HTTP Headers — “A pretty significant number of pages include an X-Pingback header (more than the number of pages with the Set-Cookie2 header). In fact, X-Pingback was the 30th most-seen header in our data sample.”
WordPress is one of the few platforms that supports pingback, an alternative to Trackback with a real spec. Apparently there are enough WP pages in the world for this to make a blip on the radar.
Page Headers — “It turns out that a tiny but measurable number of people do use the profileattribute, though. The three most-often used values are http://gmpg.org/xfn/1, http://dublincore.org/documents/dcq-html/, and http://gmpg.org/xfn/11. This makes XFN the most popular HTML metadata profile!”
Too cool for words. 🙂 Both of these profiles are included by default in some WordPress templates.
rel="pingback" and rel="bookmark" both skirt the charts in the link relationship page. No XFN values made the cut there.
The <a> element — “external seems to be mainly propagated by WordPress, but people have long been asking for a way to label their links as being external vs internal.”
Nice to get a direct mention there, and we’ve supported bookmark and tag from the beginning.
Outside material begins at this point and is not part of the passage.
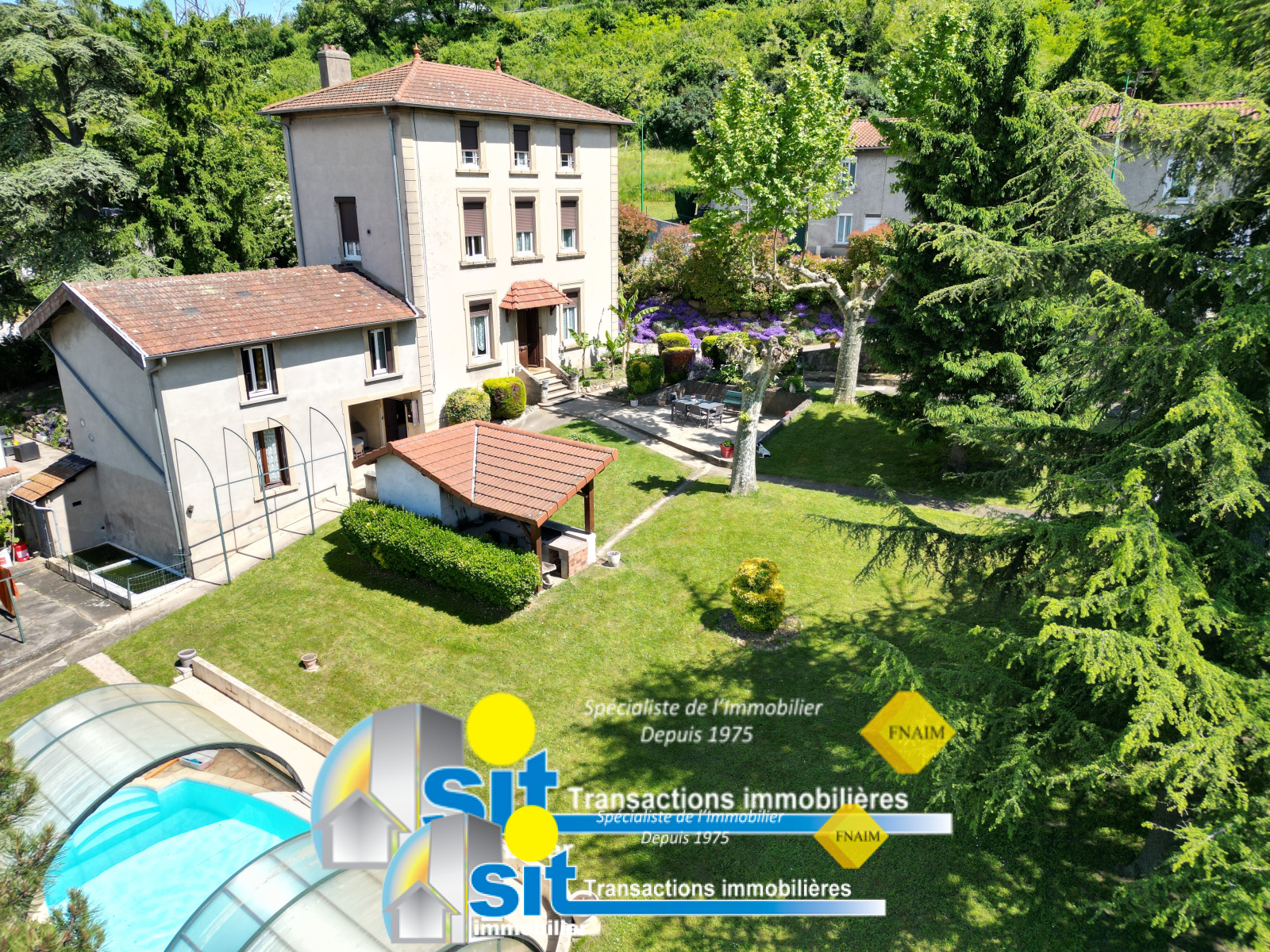 L'agence SIT IMMOBILIER vous présente en EXCLUSIVITÉ cette MAISON DE CARACTÈRE nichée dans un cadre verdoyant, sur un terrain clos et arboré de 1 872 m² avec PISCINE.

All in all the report is a very interesting read, and kudos to Google for doing this type of research and sharing it with the web. I hope to see more of these in the future, it delights my inner markup geek.
Google Privacy
Yahoo and MSN give up your information without a fight, Google fights it. Who do you trust your data with more? Also how would a Web 2.0 company with a much more fragile financial state respond to legal demands from the US Goverment? “We’re going to spend millions fighting the DOJ” seems like a rough way to start a board meeting. 😉 Hat tip: Eric Haller.
Scaling Megaservices
Great interview of the guy running Hotmail, he talks a lot about the scaling of megaservices and some of the concerns of managing tens of thousands of boxes. What would you give to hear a similar interview by his counterpart at Google or Yahoo? Fascinating read.
The Googleverse
I’ve been particpating in an online discussion called The Googleverse with some amazing people the past few days. The conversation has been good (and has been showing up in some of my fav blogs) so I’d recommend checking it out.
French Phrases
After reading about Andy’s adventures I decided I better Google up a French phrasebook for study on the flight. The first hit looks like it would get me in to a little more trouble than I’m looking for. 🙂
GBase and Wikipedia
I’ve seen a lot of people suggest with Google Base they’re competing with Craig’s List and eBay, but I see it much more as a play against Wikipedia. When I chatted with Jimmy Wales he said one of their biggest problems was for things that are relatively structured like the wiki dictionary or quotes having hte data in a totally unstructured wiki format makes it hard to work with. He suggested they would go the direction of mediawiki templates and microformats, which is great to hear. Google has come at it from the other direction, giving you a free-form DB to pour your heart into. I guess the question is, will people become as passionate about distribution (what Google promises) rather than working for the greater good of humanity through the Wikipedia.
Wayfaring
Wayfaring is an interesting new site that lets you tag and create your own routes and places on Google maps, for everything from a good date night route to someone marking their favorite beer joints. (In fact I’m going to 21st Amendment later today.)